РЕЛИКВИИ ДЕКАБРИСТОВ
рошло более полувека с тех пор, как мне однажды понадобилось отправиться в служебную командировку на Дальний Восток. В одном купе со мною ехали трое пассажиров: двое молодых инженеров-строителей и солидный годами железнодорожник.
В то далекое время пассажирский поезд шел из Ленинграда до Владивостока четырнадцать суток. Это, конечно, при благоприятных погодных условиях. А зимой, в особенности в сильные снегопады и метели, поезда прибывали с большим опозданием.
В долгом пути пассажиры обычно знакомятся друг с другом и о многом говорят. Железнодорожник оказался машинистом паровозного депо станции Чита. Узнав, что он коренной житель города, я попросил его рассказать о том, что сохранилось из построек в городе со времени пребывания ссыльных декабристов. Завязалась беседа.
Борис Дмитриевич припомнил, что в его доме многие годы хранились книги, оставшиеся после смерти деда. Их было десятка два, на русском и французском языках. Все в отличных переплетах из коричневой кожи, с золотым тиснением и рисунками. После смерти деда книги на русском языке разошлись среди соседей и знакомых. Остались только французские.

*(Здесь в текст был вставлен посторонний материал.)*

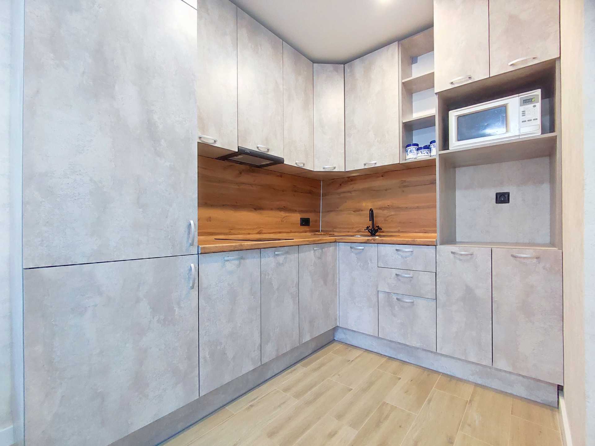 Выполнена качественная чистовая отделка. Установлен, выполненный на заказ, большой кухонный гарнитур высотой до потолка. Встроенная бытовая техника. Натяжные потолки с несколькими сценариями освещения. На стенах качественные износостойкие обои. На полу в кухне, коридоре, лоджии и санузле – керамогранит, в спальне - ламинат. Выполнена продуманная разводка электрики, на лоджии тёплый пол и освещение. В санузле установлена качественная, дорогая сантехника, полноценная ванна. Ремонт делали для себя, ни на чём не экономили!
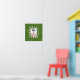Fetstilen "Du är en Lucky Anka" centreras mot gröntens bakgrund. Orangen och den svarta texten sitter på en vit rektangel med stora texturerade vita prickar runt den, vilket ger en lekfull kontrast mot den heltäckande bakgrunden i färg.
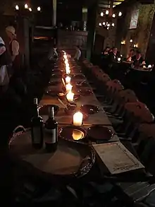 The restaurant Olde Hansa with 300 customer places was opened in the building in 1997, becoming one of the most famous tourist destinations in Tallinn. The style of the restaurant, including the food and drink, the cutlery and the dress of the staff in the three-floor restaurant were modelled after the Hanseatic League. Original recipes of the Hanseatic time were used, without ingredients introduced to Europe in the 15th century or later. For example the recipes do not use any potato or maize. Instead there are many game dishes, including elk, bear and pheasant. The drinks include house beer and pepper schnapps.[1] There is a furnace room on the third floor.
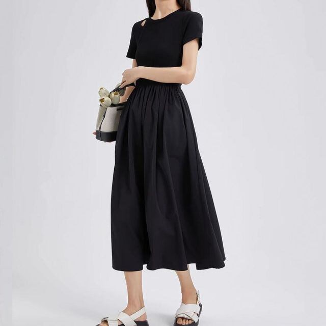 高めのウエスト切り替えデザインが脚長シルエットに導いてくれる。
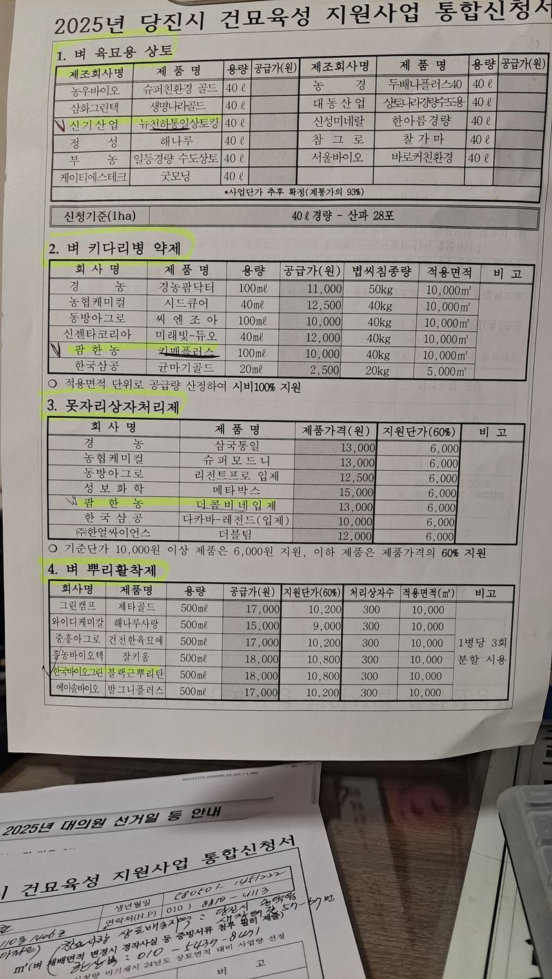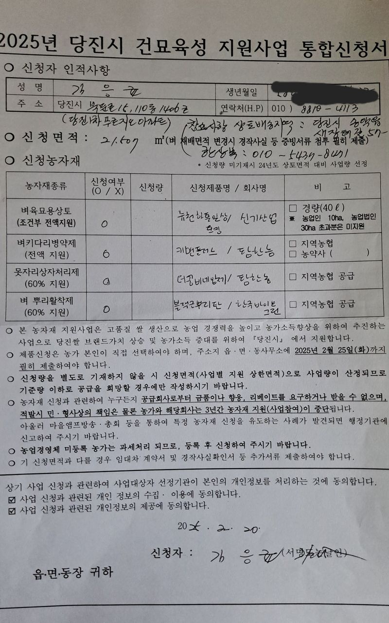 2025.02. 21. 건못자리 상토, 키다리병, 상토처리제 및 농민수당 당진1동사무소 산업계 신청

Сообщение о книгах меня весьма заинтересовало, и я стал просить Бориса Дмитриевича уступить их мне. Он охотно согласился и даже пообещал отыскать и те книги, которые были розданы. Мы договорились: по моему возвращению из Владивостока Борис Дмитриевич встретит меня на вокзале и вручит обещанное.
От Владивостока до Читы поезд шел с большим опозданием, часами простаивал на промежуточных станциях, пока снегоочистители расчищали путь.
С трепетным волнением я подъезжал к станции Чита. Поздно ночью поезд подошел к платформе. Разбушевалась метель. Надеяться, что в такую погоду Борис Дмитриевич придет на вокзал, было трудно. Но ведь он обещал, что обязательно встретит меня…
Я вышел из вагона на перрон, внимательно осматриваясь. К поезду спешили люди. Издали я увидел Бориса Дмитриевича. Он быстро шел к моему вагону с фонарем и свертком в руках. Я был несказанно рад. Мы вошли в вагон. Полчаса стоянки пролетели мигом. Он вручил мне плотно увязанный пакет с книгами и небольшой сверток: "В пути все рассмотрите. Все это осталось от ссыльных декабристов… Буду еще искать и обязательно пришлю вам все. А вот это вам на дорогу: наши свеженькие сибирские пирожки. Дочь испекла. Она тоже пообещала отыскать розданные книги".
Расстались мы словно старые друзья, обменявшись адресами.
Как только поезд тронулся, я немедля развернул пакет с книгами. С необычайным интересом перелистывал я страницу за страницей. Я держал в руках реликвии "государственных преступников", сосланных в Сибирь. Ни экслибрисов, ни автографов на них не было. Это были маленького размера книги, изящные по оформлению, в переплетах коричневой кожи с золотым тиснением, в хорошей сохранности. В их числе "Маленькая театральная библиотека", изданная в Париже в 1784, 1786, 1787 годах, и "Приключения Робинзона Крузо" в двух томах издания 1827 года. Это типичные карманные книжечки того времени. Развернув маленький сверток, я увидел отличной работы деревянную статуэтку, изображавшую мадонну. Не исключено, что и она попала в Сибирь вместе с декабристами.
Многие годы стояли у меня на полке книги, привезенные из города Читы. Затем я передал их в дар музею в городе Каменка Черкасской области на Украине, где создается специальный отдел, посвященный декабристам.
КНИГА СЕРГЕЯ ВОЛКОНСКОГО
ыло это в 1945 году.
На пятый день после падения Берлина с группой солдат и офицеров я спустился в подземное помещение-бункер, где отсиживались в часы бомбежек фашистские главари.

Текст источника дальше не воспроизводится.